● WHAT YOU WILL DO:
Every line of the material is to be quoted verbatim, minus the pictures.

● PROVIDED DATA:
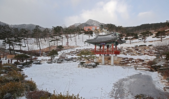 한파주의보가 발령되는 등 매서운 추위를 보인 7일 오전 산청군 동의보감촌에 눈이 내려 진풍경을 연출하고 있다. (사진=산청군 제공)
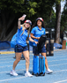 Ciudad de México, 25 de abril de 2026. Valeria Miranda, Araceli Torres y Lia Martínez, durante el partido correspondiente a la jornada 17 del torneo Clausura 2026 de la Liga BBVA MX Femenil, entre la Máquina Celeste del Cruz Azul y las Pumas de la UNAM, realizado en el estadio de la Unidad Deportiva Centenario. Foto: Imago7/ Daniel Sydney
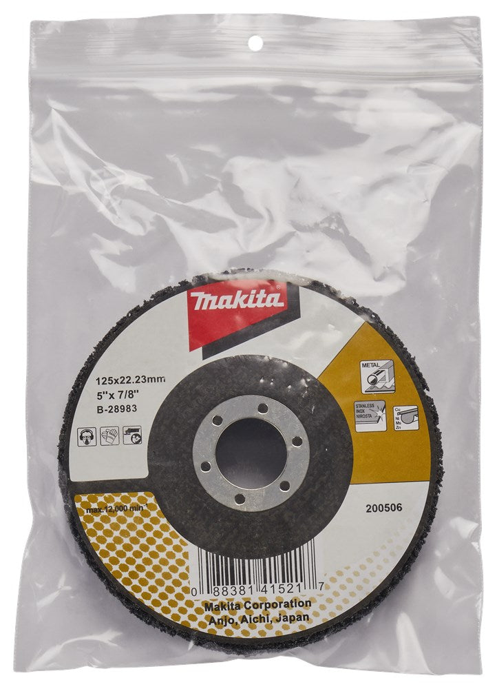 Zwarte Makita silicium-carbide reinigingsschijf met glasvezel versterkte rug. Diameter 125mm. Zeer geschikt voor het verwijderen van verfresten, epoxyresten, roestplekken en lasverkleuringen. De open structuur en het gebruikte zachte schijfmateriaal voorkomt beschadigingen aan de onderlaag van het werkstuk. Tevens verkrijgbaar in paars (langere levensduur, lagere bewerkingssnelheid) [B-29022] en met nylon versterkte rug in zwart [B-29066] en paars [B-36267].
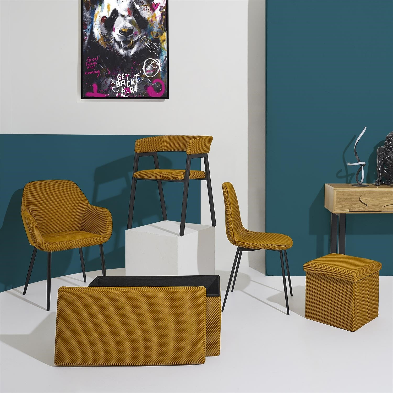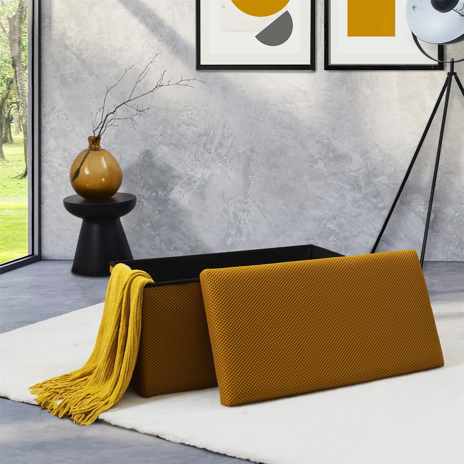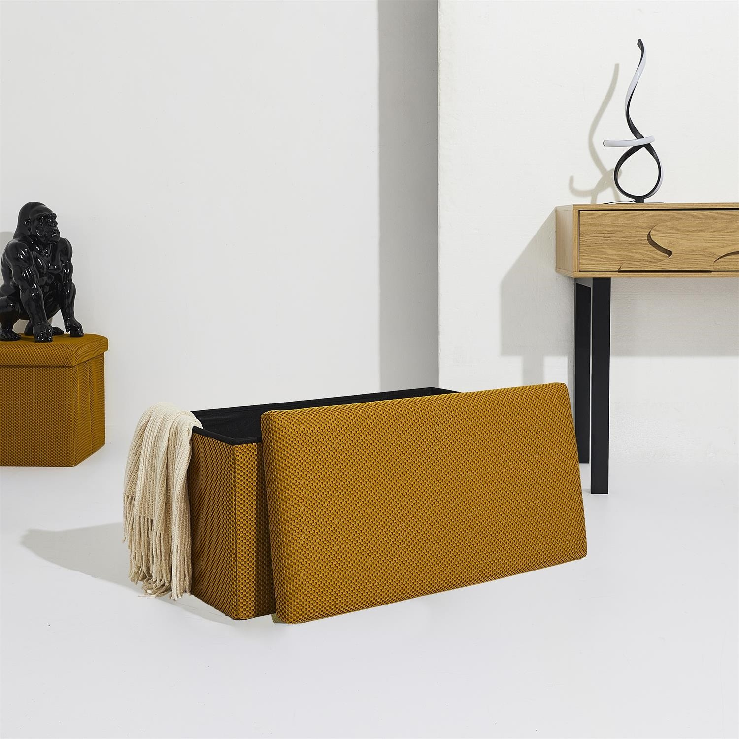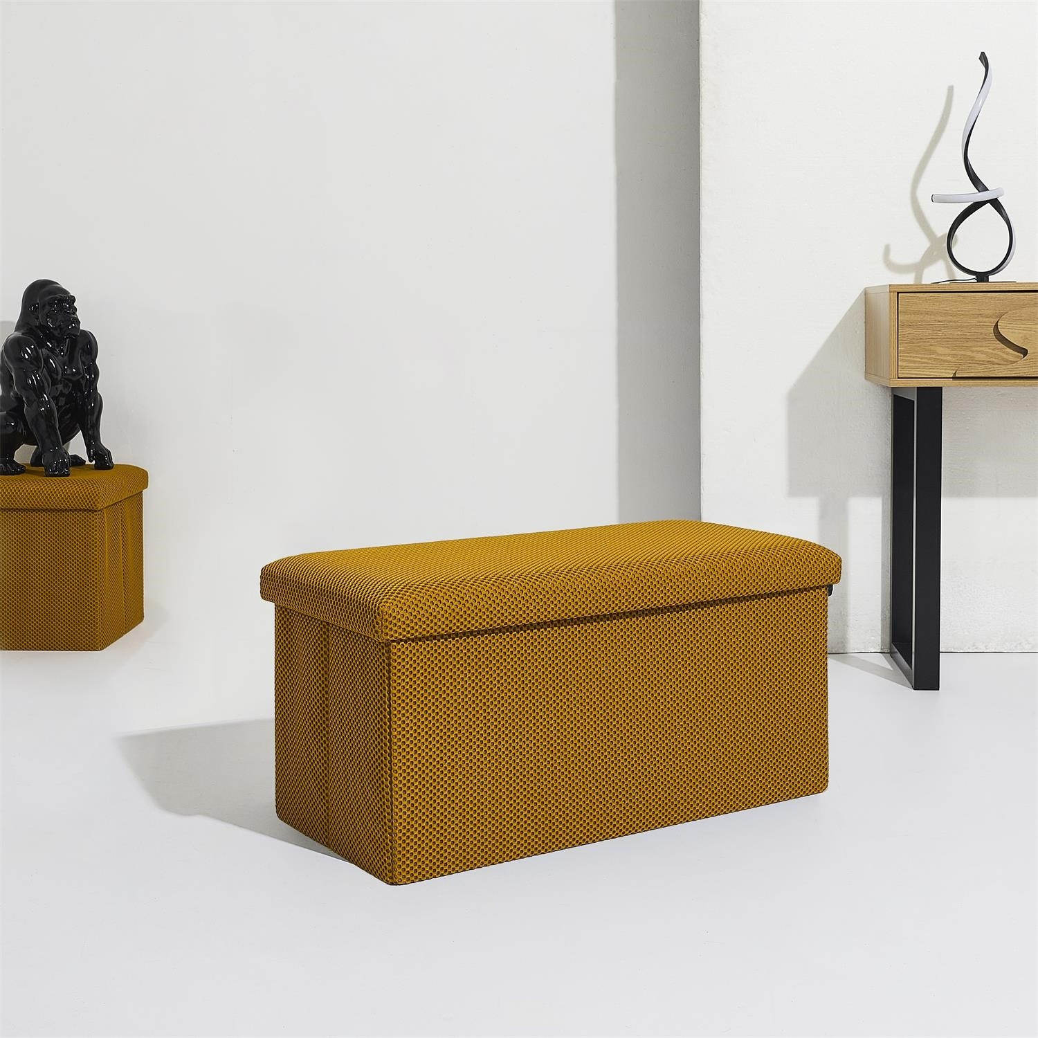 Skládací puf s úložným prostorem je nutností každého studentského bytu nebo pro osoby, které potřebují další místo k sezení a úložný prostor. Puf vyrobený z rámu z odolné MDF desky, která zaručuje maximální přípustné zatížení nábytku až do 110 kg. Puf lze složit, když ji nepoužíváme. Po rozložení nám poskytuje spoustu místa pro uložení jak menších věcí, tak i větších, jako jsou deky, boty nebo knihy. Puf byl ozdoben zajímavou trojrozměrnou tkaninou. Tkanina 100% polyester.
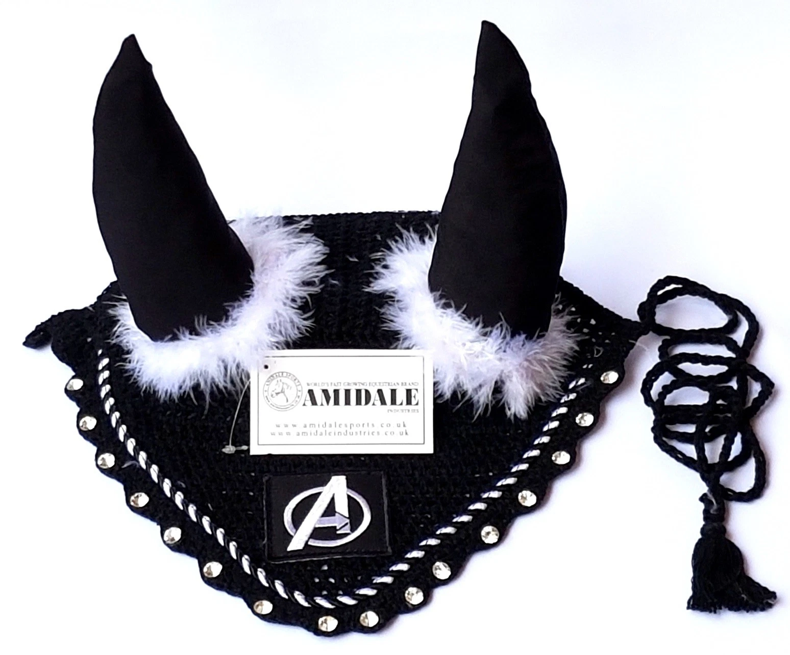 FLY VEIL EAR NET AVENGER EMBROIDERY DESIGN HORSE EQUESTRIAN DIAMANTE BNWT
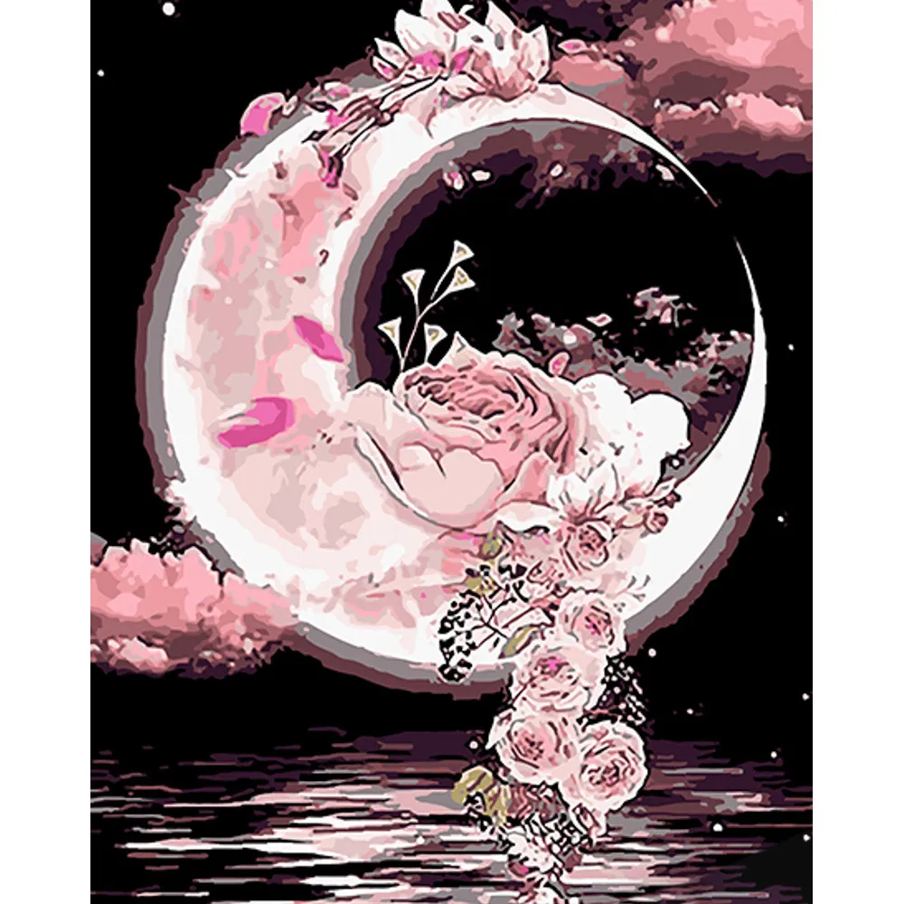Картина за номерами Strateg Місяць у квітах на чорному фоні розміром 40х50 см (AH1058)

● OUTPUT FOR THIS EXERCISE:
 한파주의보가 발령되는 등 매서운 추위를 보인 7일 오전 산청군 동의보감촌에 눈이 내려 진풍경을 연출하고 있다. (사진=산청군 제공)
 Ciudad de México, 25 de abril de 2026. Valeria Miranda, Araceli Torres y Lia Martínez, durante el partido correspondiente a la jornada 17 del torneo Clausura 2026 de la Liga BBVA MX Femenil, entre la Máquina Celeste del Cruz Azul y las Pumas de la UNAM, realizado en el estadio de la Unidad Deportiva Centenario. Foto: Imago7/ Daniel Sydney
 Zwarte Makita silicium-carbide reinigingsschijf met glasvezel versterkte rug. Diameter 125mm. Zeer geschikt voor het verwijderen van verfresten, epoxyresten, roestplekken en lasverkleuringen. De open structuur en het gebruikte zachte schijfmateriaal voorkomt beschadigingen aan de onderlaag van het werkstuk. Tevens verkrijgbaar in paars (langere levensduur, lagere bewerkingssnelheid) [B-29022] en met nylon versterkte rug in zwart [B-29066] en paars [B-36267].
 Skládací puf s úložným prostorem je nutností každého studentského bytu nebo pro osoby, které potřebují další místo k sezení a úložný prostor. Puf vyrobený z rámu z odolné MDF desky, která zaručuje maximální přípustné zatížení nábytku až do 110 kg. Puf lze složit, když ji nepoužíváme. Po rozložení nám poskytuje spoustu místa pro uložení jak menších věcí, tak i větších, jako jsou deky, boty nebo knihy. Puf byl ozdoben zajímavou trojrozměrnou tkaninou. Tkanina 100% polyester.
 FLY VEIL EAR NET AVENGER EMBROIDERY DESIGN HORSE EQUESTRIAN DIAMANTE BNWT
Картина за номерами Strateg Місяць у квітах на чорному фоні розміром 40х50 см (AH1058)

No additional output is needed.